Before we start the proof, note that if x=(q-p)/p, where p and q are coprime integers, p < q < 2p, then 1/(x+1) = p/q.  Also, if x=p/(q-p), where p and q are coprime integers,2p < q, then x/(x+1) = p/q.  This suggests a method of determining whether an element is in S by applying rule 2 in reverse, to see if we end up with 1/2.

Start with a fraction, p/q, expressed in lowest terms.  Replace the fraction with either (q-p)/p or p/(q-p), whichever is smaller.  If we eventually reach 1/2, then p/q was an element of S.

Here's an example: Starting with 19/64, we repeatedly subtract the numerator from the denominator, and then if the result is greater than one, flip the fraction:

19/64 -> 19/45 -> 19/26 -> 7/19 -> 7/12 -> 5/7 -> 2/5 -> 2/3 -> 1/2.

Clearly, this chain can be followed in reverse using rule 2 to show that 19/64 is an element of S.  With these facts in mind, we will start a proof by contradiction.

Proof:

Consider the set of all rational numbers in the interval (0,1) that are not elements of S.

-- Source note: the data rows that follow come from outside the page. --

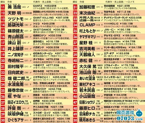 第四位的真岛浩,作品《妖精的尾巴》虽然画风非常的Onepiece但也是走出了一条自己的道路,漫画动画化后更加受到了关注,目前动画的集数已经超过了200集。第五位,久保带人。《死神》虽然有点不负当年之勇的感觉,但毕竟还有着底蕴。第六位,小畑健老师多年来一如既往的出好的作品之前的《棋魂》《死亡笔记》还有如今的《食梦者》,换言之小畑老师就是质量的保证。第七位,空知英秋,《银魂》的漫画火还是动画更火呢这个问题……第八位,荒川弘,又是一位女性漫画家,但她的作品和名字会让大家一致认为这是一位男性漫画家,我们要不是因为《钢之炼金术师》已经完结的话,排名会更高的。第九位,中村 光 《圣☆哥传》由于没有动画化所以知晓程度一般,倒是另一部《荒川爆笑团》的名气在国内更大一点,不但拍了两季的动画甚至还改拍成了日剧。第十位,椎桥宽 《滑头鬼之孙》这样的志怪漫画其实挺多的,但他能独树一帜却不易。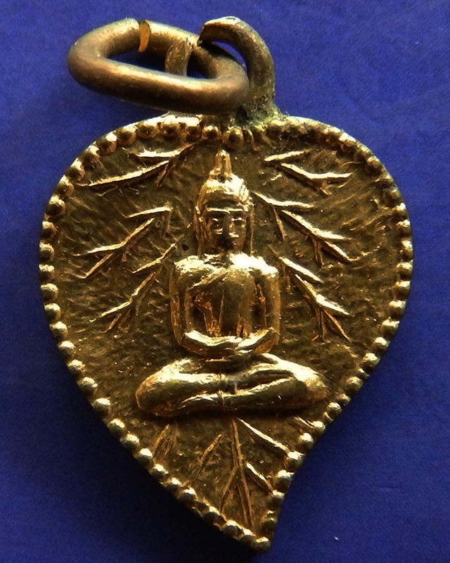 เหรียญใบโพธิ์เล็ก หลวงพ่อโสธร หลวงพ่อดิ่ง วัดบางวัว ปลุกเสก กะไหล่ทอง
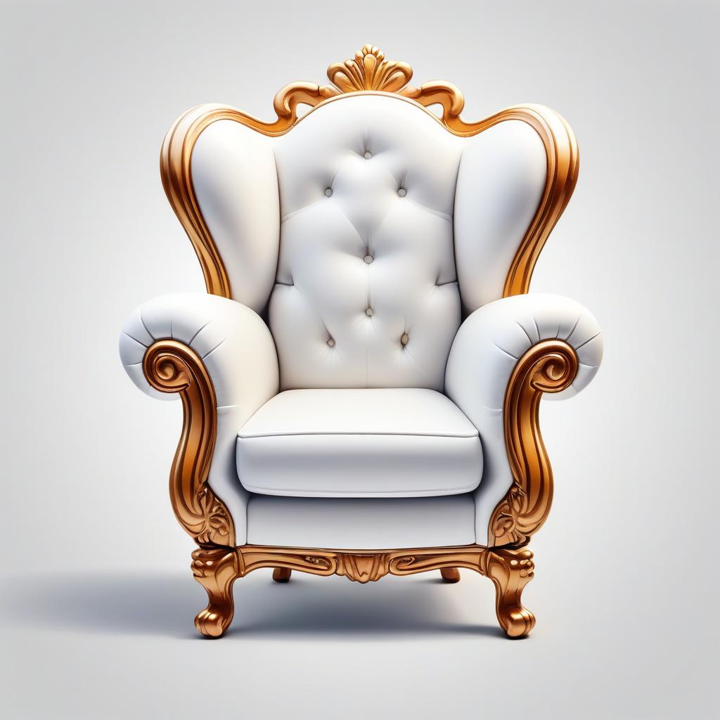 White armchair with gold accents on white background

Express each of these rational numbers in lowest terms, find one with the smallest denominator, and call it p/q.

p/q is not equal to 1/2 because it's not in S.  So either q < 2p (case 1), or q > 2p (case 2).

Case 1: If q < 2p then x=(q-p)/p could not be an element of S, because if it were, then 1/(x+1) = p/q would also be in S.

But then (q-p)/p is a rational number with a smaller denominator than q, contradicting the assumption that q is the smallest denominator of any lowest-terms rational number not in S.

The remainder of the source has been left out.